(Stored data entries)
================================

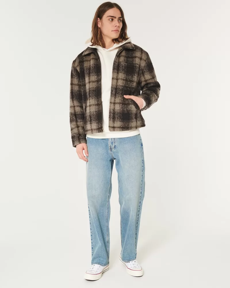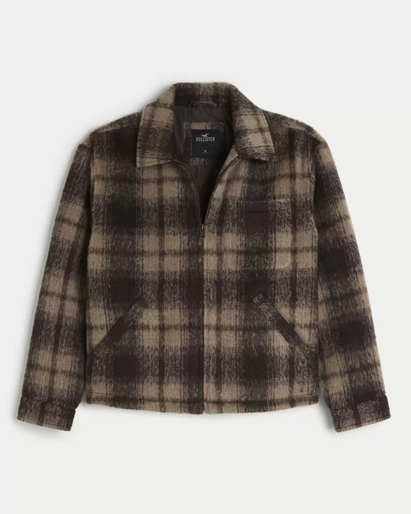Your new favorite shirt jacket features a super soft, fuzzy exterior with a classic plaid pattern. Full zip-up closure, front pockets, left chest pocket.
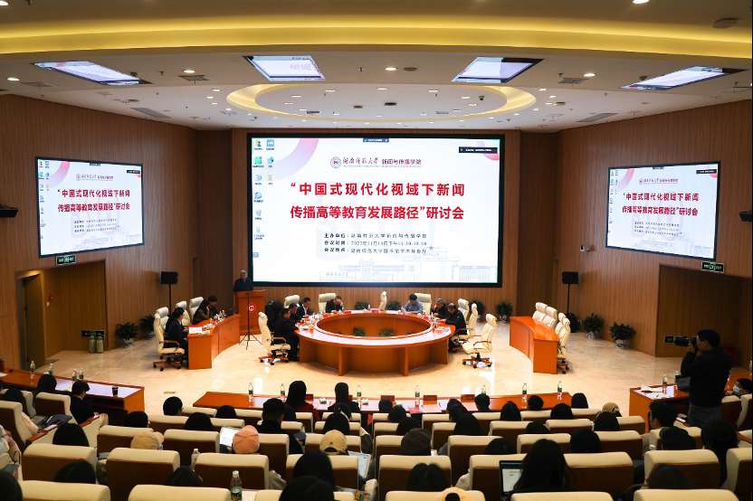 研讨会上,与会专家围绕“中国式现代化视域下新闻传播高等教育发展路径”的主题展开了深入学术研讨。专家们从大数据、人工智能、国际传播、中国自主新闻传播知识体系等方面谈及中国式现代化视域下,我国未来新闻传播高等教育领域的发展趋势。专家们一致认为高等教育者和研究者要用心、用情、用力地从学科定位、专业划分、课程设计、教材规划等多方面、全方位进行革新,推进新闻传播学科体系、学术体系、话语体系的建设,构建具有中国特色的新闻传播自主知识体系,建设具有中国特色、时代特征的国际传播话语体系,建设为党育人、为国育才的新闻传播人才培养体系。(光明日报全媒体记者 赵嘉伟 通讯员 刘偲睿 项和烽)
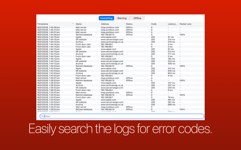 Server Ranger logs every response from your devices. Spot patterns of poor performance and print or export the evidence to a CSV file.
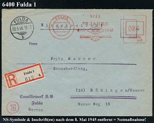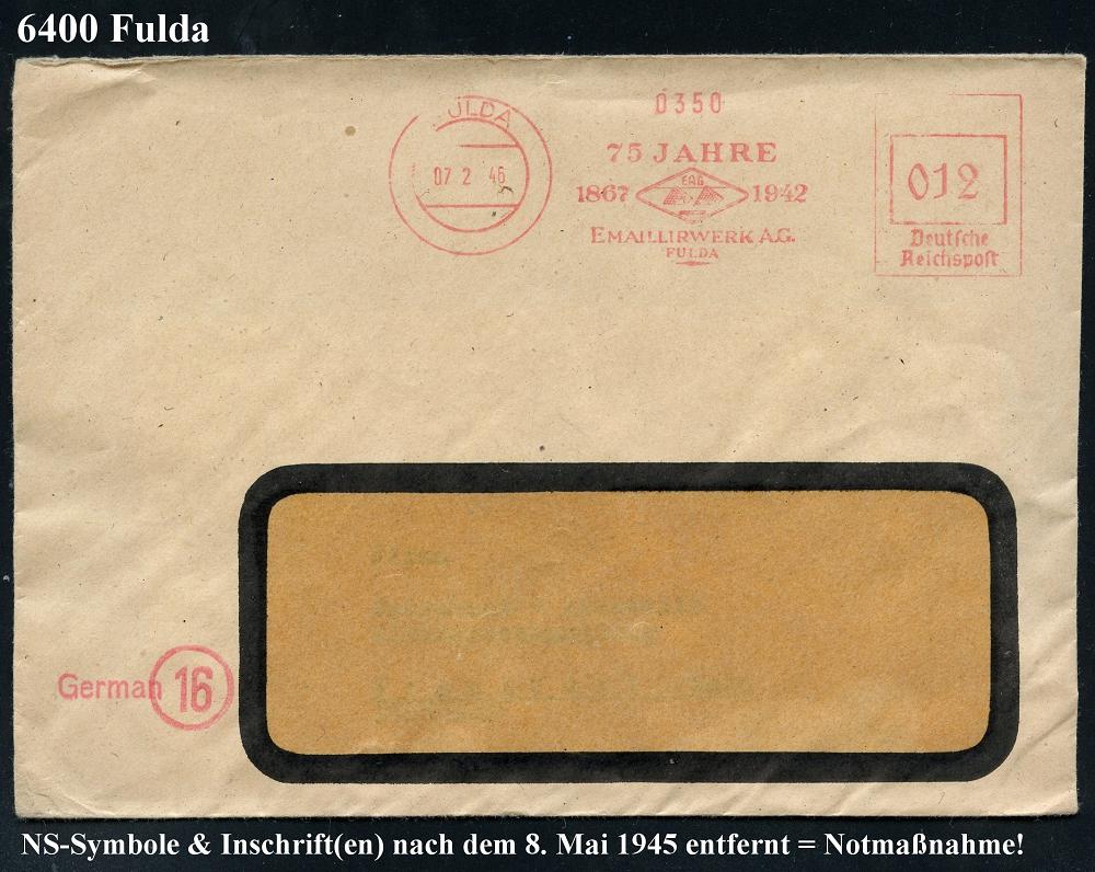 1974 | 25 € | 6400 Fulda Post- und Absender-Freistempel : FULDA/ 75 JAHRE/ 1807 1942/ EMALLIERWERKE AG.. 1946 (7.2.) aptierter AFS Francotyp "Reichsadler" = entfernt + Inschrift "Deutsche Reichspost" = Notmaßnahme! (Firmen-Logo: 2 Pyramiden) im Ort gering undeutl., rs. Abs.-Vordruck, Fern-Bf., vergl. Nr.1977 (Dü.E-13 J-127h) | ![]() ![]() | |
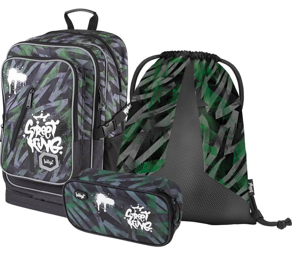 Chlapecký školní set Cubic Street King vhodný od 3. třídy 1. stupně ZŠ a také pro 2. stupeň ZŠ. Obsahuje školní batoh, penál a sáček na obuv.
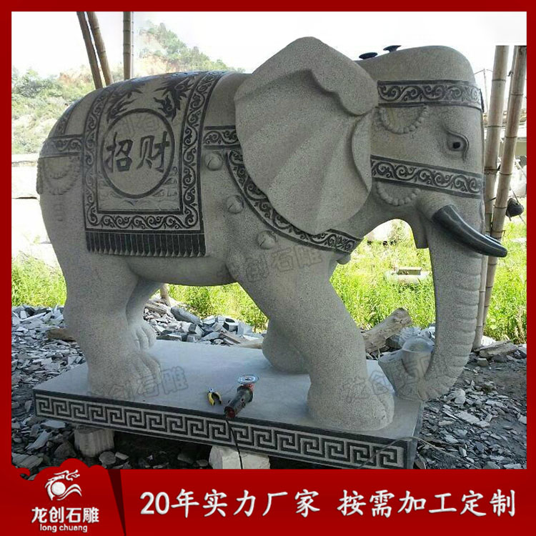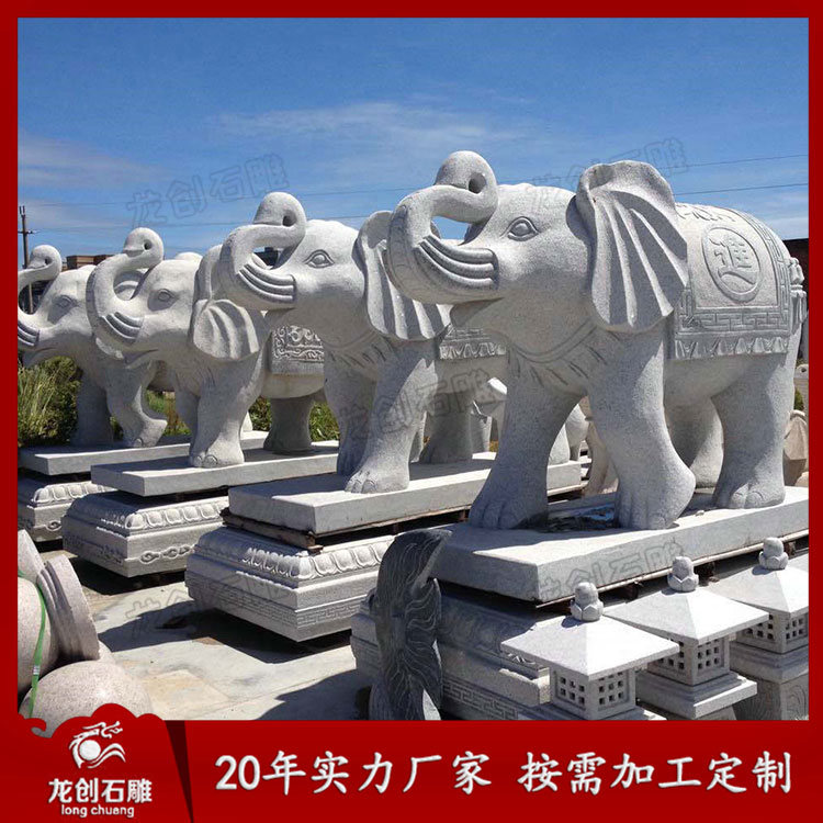 石雕大象造型各異,款式不同,所以我們可以在市面上見到各種形形色色的石雕大象作品。石雕大象在一些大型景區經常看到,例如南京牛首山廣場擺放十二只大小相同,卻形態各異的石雕大象;廈門南普陀寺門口擺放著一對做工精細,雙面雕龍,威猛無比的仿古石雕大象;深圳大鵬東山寺山門腳下則擺放著石獅子、石象各一對,還有一對哼哈二將守護著寺院,并庇佑當地百姓。
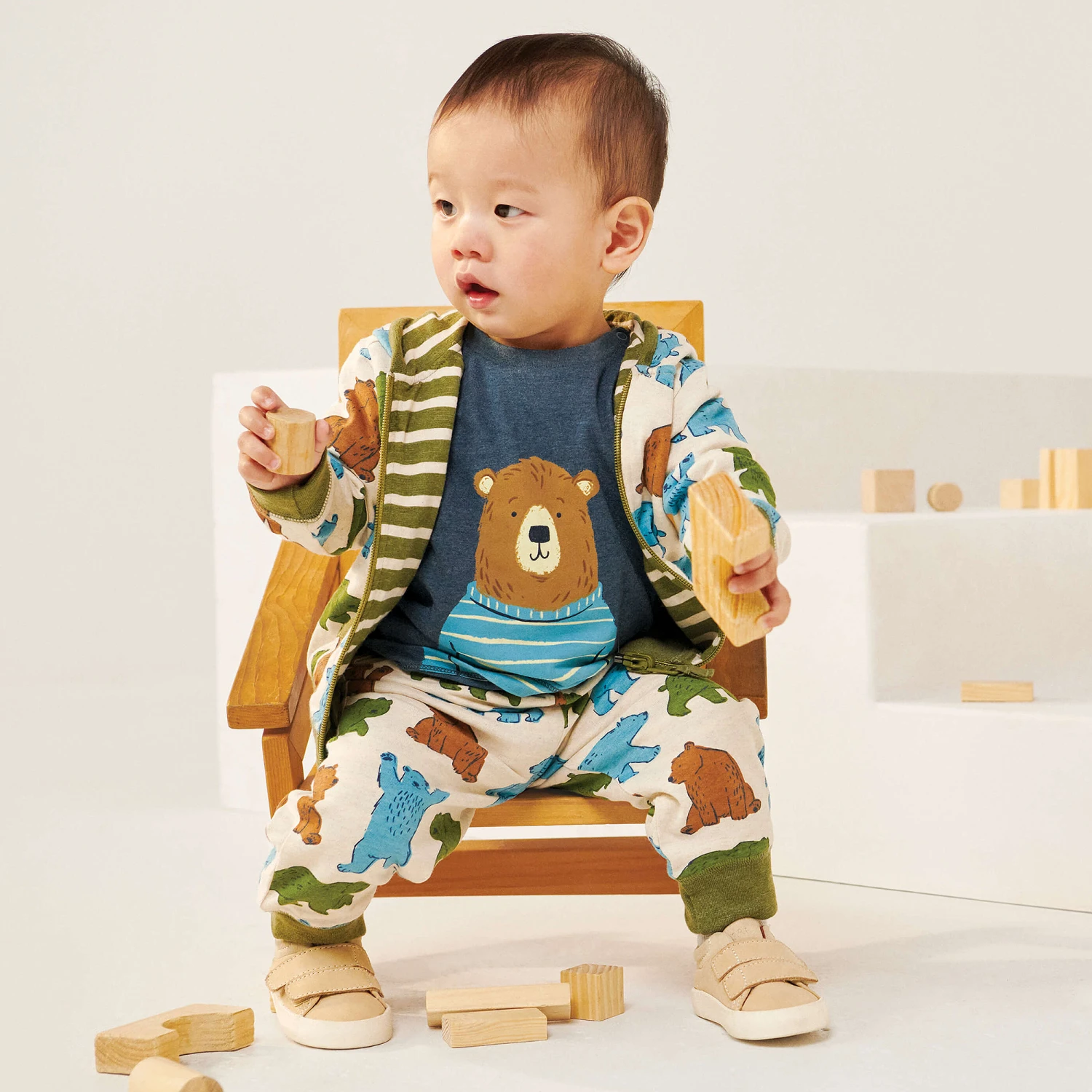 Reversible joggers for little boys by Hatley, made in comfortable cotton jersey with green ribbed trims. One side has ivory and green stripes, whilst the other is patterned with green, blue and brown bear cubs.
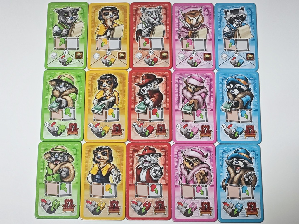 Zu den Rundenzielen: Es gibt insgesamt fünf Rundenziele. Dabei geht es immer um Mehrheiten. Habe das größte Territorium, die meisten Ratten an einem Gully, die meisten Gullys mit Ratten, die meisten Beutemarker oder die meisten Hinterzimmer. Für jedes Rundenziel wird am Ende jeder Runde geprüft, wer es für sich beansprucht. Bei Gleichstand gehen alle leer aus; außerdem kann jeder Spieler in jeder Runde nur ein Rundenziel und dasselbe Rundenziel nur einmal in jeder Partie erfüllen. Zusammengenommen wird es dadurch richtig schwierig in jeder Runde ein Ziel für sich zu beanspruchen. Eine weitere Schwierigkeit: die Siegpunkte für erfüllte Rundenziele sind abhängig von der Runde; so gibt es nur einen Punkt in Runde 1, aber fünf Punkte in Runde 5. Zu den Hinterzimmern: Die errichteten Hinterzimmer selbst geben erstmal keine Siegpunkte. Aber für jedes errichtete Hinterzimmer nimmt man sich eines der Geschäftsplättchen des Gebiets, in dem das Hinterzimmer errichtet wird. Für Geschäftsplättchen gibt es Siegpunkte. Ein Siegpunkt für ein Geschäftsplättchen; drei, sechs bzw. zehn Siegpunkte für zwei, drei bzw. vier Plättchen desselben Typs. Es geht hier also um Set Collection. Zu guter Letzt gibt jedes zerstörte Hinterzimmer eines Mitspielers einen Siegpunkt und ein Geschäftsplättchen jeden Typs – das mit dem Cocktail-Glas-Symbol unten rechts - gibt einen extra Siegpunkt.
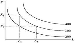 Рис. 1. Изокванты, соответствующие различному объему производства
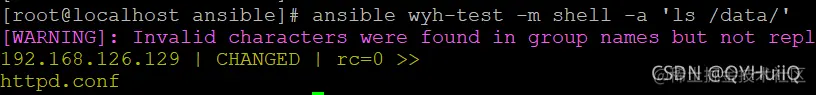 [root@localhost ansible]# ansible wyh-test -m shell -a 'ls /data'
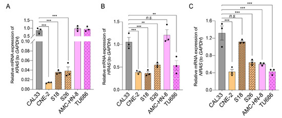Expression of RAS family genes in HNSCC cells. (A–C) A quantification polymerase chain reaction (qPCR) was used to quantify the expression of KRAS (A), HRAS (B), and NRAS (C). The reference genes used were GAPDH. The mean ± SEM of three independent experiments are shown. A one-way ANOVA, followed by a Dunnett’s multiple comparisons test, was used for statistical analysis. ** p < 0.01; *** p < 0.001; n.s.: not significant. Black dots represent number of experiments.

================================

(Task description)
Output the lines of the data exactly, starting at the first and ending with the line that has "通讯员 刘偲睿 项和烽)". Pictures are not part of it.

(Exercise response)
Your new favorite shirt jacket features a super soft, fuzzy exterior with a classic plaid pattern. Full zip-up closure, front pockets, left chest pocket.
 研讨会上,与会专家围绕“中国式现代化视域下新闻传播高等教育发展路径”的主题展开了深入学术研讨。专家们从大数据、人工智能、国际传播、中国自主新闻传播知识体系等方面谈及中国式现代化视域下,我国未来新闻传播高等教育领域的发展趋势。专家们一致认为高等教育者和研究者要用心、用情、用力地从学科定位、专业划分、课程设计、教材规划等多方面、全方位进行革新,推进新闻传播学科体系、学术体系、话语体系的建设,构建具有中国特色的新闻传播自主知识体系,建设具有中国特色、时代特征的国际传播话语体系,建设为党育人、为国育才的新闻传播人才培养体系。(光明日报全媒体记者 赵嘉伟 通讯员 刘偲睿 项和烽)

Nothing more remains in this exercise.